--- START ---

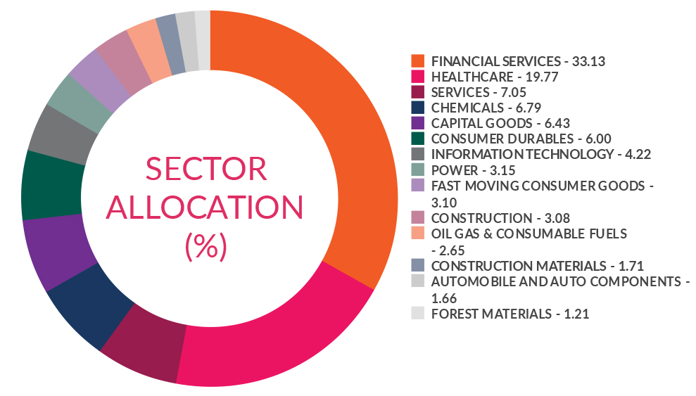 ^^Market caps are defined as per SEBI regulations as below: a. Large Cap: 1st -100th company in terms of full market capitalization. b. Mid Cap: 101st -250th company in terms of full market capitalization. c. Small Cap: 251st company onwards in terms of full market capitalization.
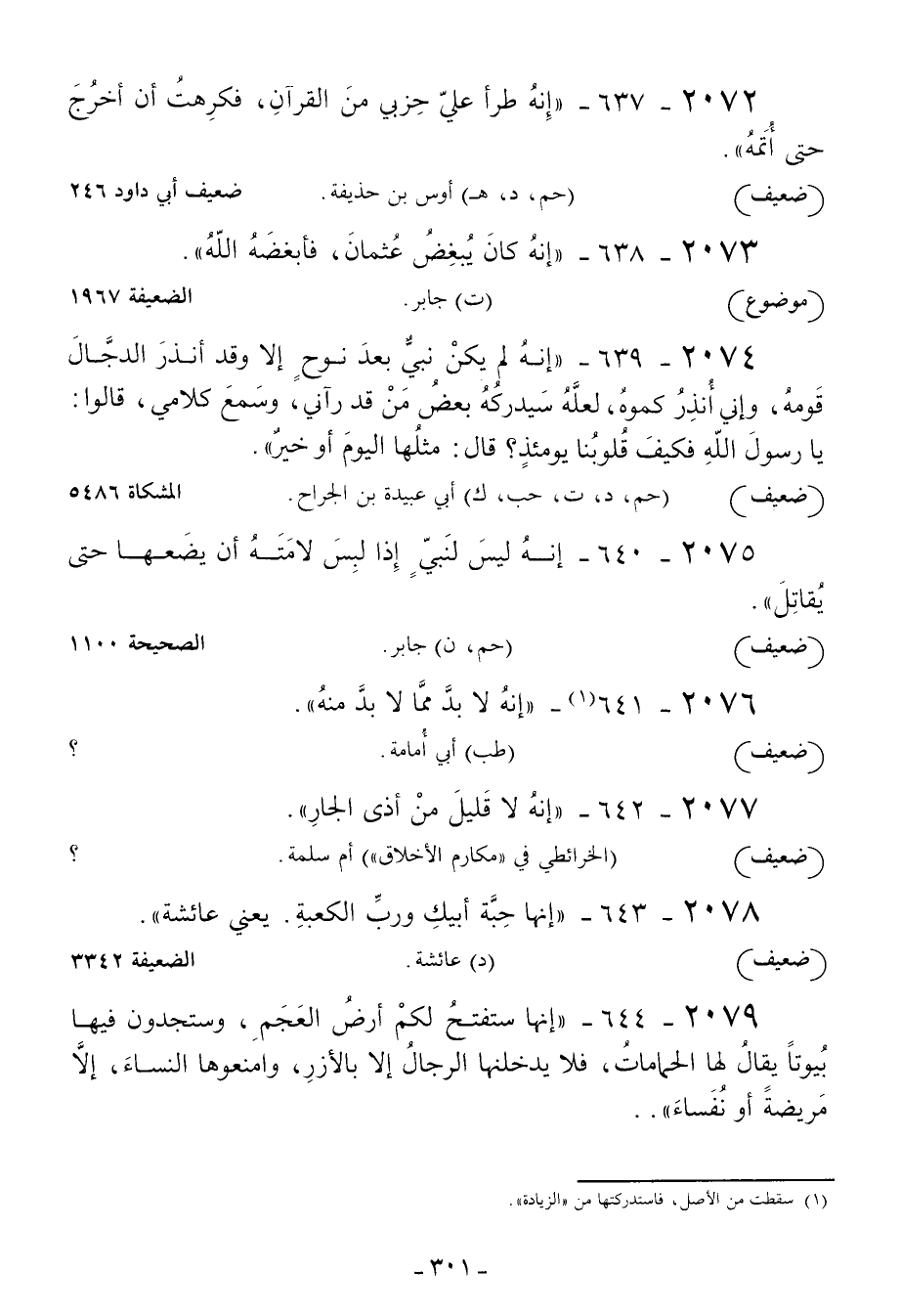 2079 - إنها ستفتح لكم أرض العجم وستجدون فيها بيوتا يقال لها الحمامات فلا يدخلنها الرجال إلا بالأزر وامنعوها النساء إلا مريضة أو نفساء -[302]-
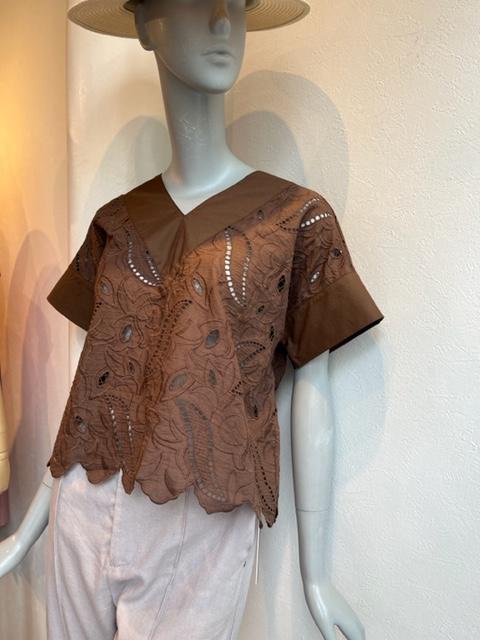 レースのトップス💕 濃いめのブラウンが夏におしゃれなレーストップスが到着しました💕 ハイクオリティなコットン100%なので、ホームクリーニングで、いつも綺麗に着て頂けます⭐️⭐️⭐️ 白パンや、ベージュ、ブラックなどのボトムスに合わせても、ラフなデニムに合わせても素敵です 🎉 大人のサマートップスをぜひ一枚いかがでしょうか? 2022年6月11日
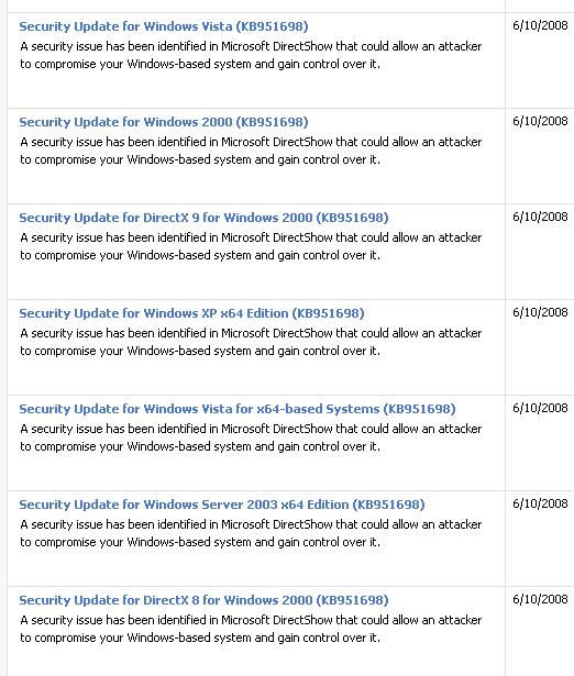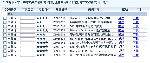 例如我点第一个漏洞KB951698想手动更新下载,然后点的描述,然后把“KB951698”在微软网站上查找下载,然后出来好多项,但是我不知道下载哪个呀?
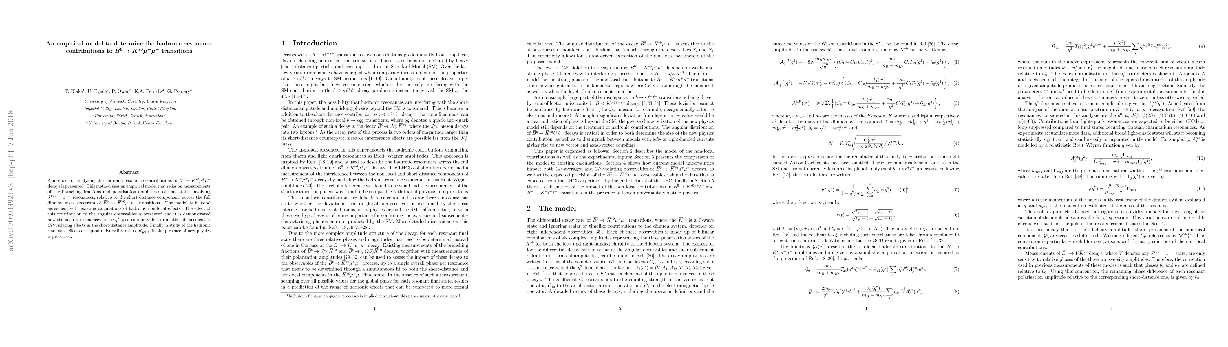 A method for analysing the hadronic resonance contributions in $\bar{B}^{0} \rightarrow \bar{K}^{*0}\mu^{+}\mu^{-}$ decays is presented. This method uses an empirical model that relies on measurements of the branching fractions and polarisation amplitudes of final states involving $J^{PC}=1^{--}$ resonances, relative to the short-distance component, across the full dimuon mass spectrum of $\bar{B}^{0} \rightarrow \bar{K}^{*0}\mu^{+}\mu^{-}$ transitions. The model is in good agreement with existing calculations of hadronic non-local effects. The effect of this contribution to the angular observables is presented and it is demonstrated how the narrow resonances in the $q^{2}$ spectrum provide a dramatic enhancement to $CP$-violating effects in the short-distance amplitude. Finally, a study of the hadronic resonance effects on lepton universality ratios, $R_{K^{(*)}}$, in the presence of new physics is presented.

--- END ---

→ **HOW TO COMPLETE THIS TASK**
Both the line containing "例如我点第一个漏洞KB951" and the last line of the records above belong in the exact copy, along with every line between them; pictures do not.

→ **OUTPUT OF THE TASK**
 例如我点第一个漏洞KB951698想手动更新下载,然后点的描述,然后把“KB951698”在微软网站上查找下载,然后出来好多项,但是我不知道下载哪个呀?
 A method for analysing the hadronic resonance contributions in $\bar{B}^{0} \rightarrow \bar{K}^{*0}\mu^{+}\mu^{-}$ decays is presented. This method uses an empirical model that relies on measurements of the branching fractions and polarisation amplitudes of final states involving $J^{PC}=1^{--}$ resonances, relative to the short-distance component, across the full dimuon mass spectrum of $\bar{B}^{0} \rightarrow \bar{K}^{*0}\mu^{+}\mu^{-}$ transitions. The model is in good agreement with existing calculations of hadronic non-local effects. The effect of this contribution to the angular observables is presented and it is demonstrated how the narrow resonances in the $q^{2}$ spectrum provide a dramatic enhancement to $CP$-violating effects in the short-distance amplitude. Finally, a study of the hadronic resonance effects on lepton universality ratios, $R_{K^{(*)}}$, in the presence of new physics is presented.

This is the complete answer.